-- Available data --

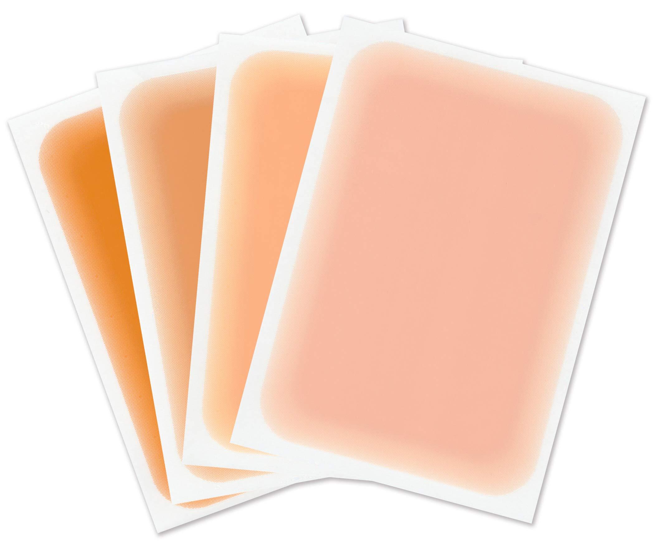 4つのサイズ:Sサイズ(指や足などの小さなタトゥーに最適)、Mサイズ(はがきの約半分サイズ。使いやすい大きさ)、Lサイズ(はがきサイズで、広範囲のタトゥーやきず跡もしっかりカバー)、LLサイズ(週刊誌の半分のサイズで、より大きめなタトゥーやきず跡もしっかりカバー)
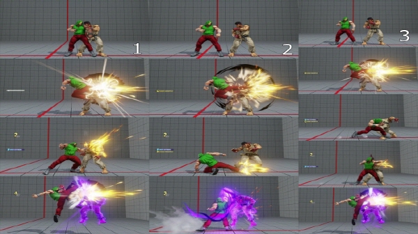 | 중펀치 2타 히트 이후에는 트리거를 느린 탄속으로 중펀이후에 캔슬을 약간 느리게 쓰고 대쉬후에 약펀치후 라이징을 넣으면 캐논이 3타가 남게 되고 이후 대쉬 2번후에 다시 압박 상황을 만드는것도 좋습니다. |
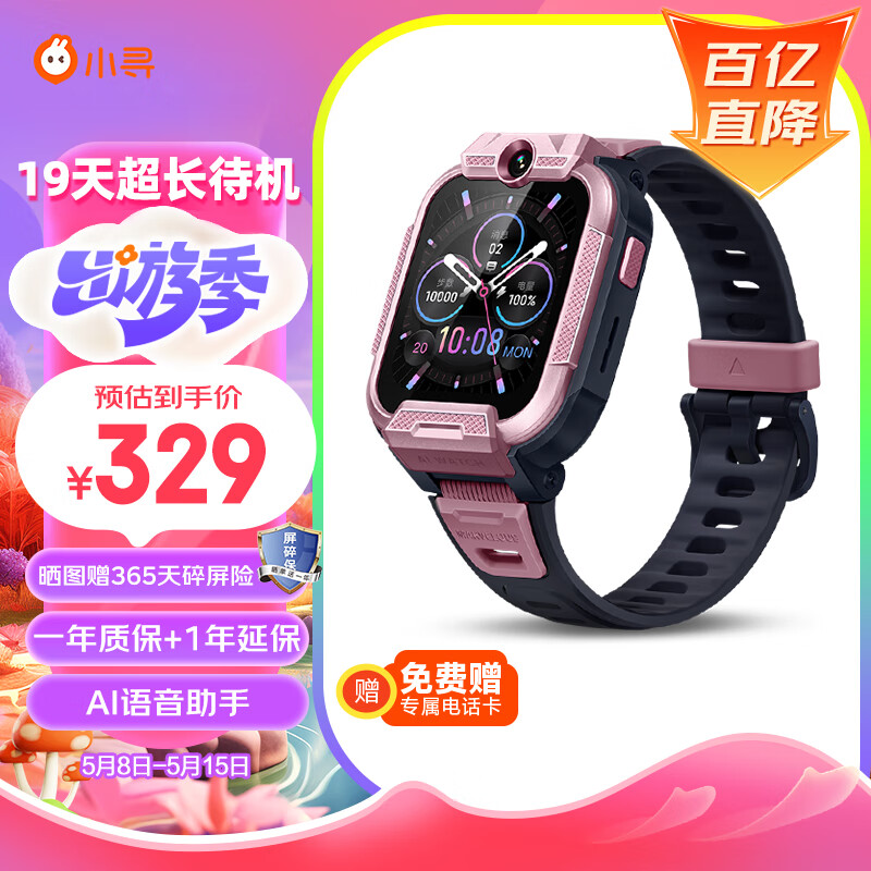 小寻 儿童电话手表X5 儿童手表 插卡通话手表 女孩手表 长续航防水双摄视频拍照定位 樱花粉价格:329.00元!
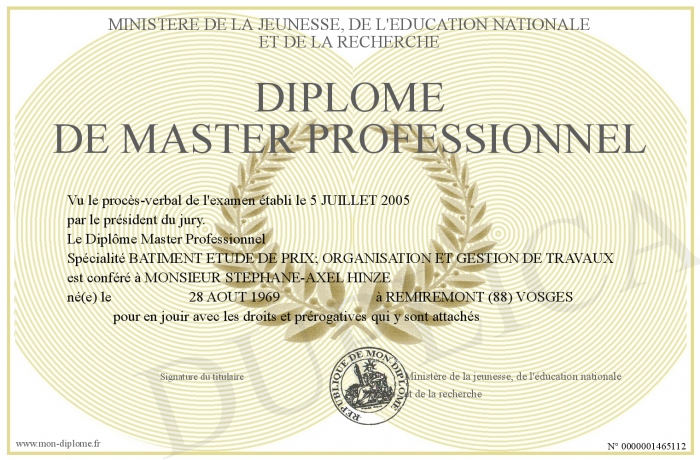Envoyez par email votre Diplôme de master Professionnel personalisé

-- About this task --
Beginning with the line that contains "小寻 儿童电话手表X5 儿童手表", repeat every remaining line of the data exactly, the last line included, and omit pictures.

-- Task response --
 小寻 儿童电话手表X5 儿童手表 插卡通话手表 女孩手表 长续航防水双摄视频拍照定位 樱花粉价格:329.00元!
Envoyez par email votre Diplôme de master Professionnel personalisé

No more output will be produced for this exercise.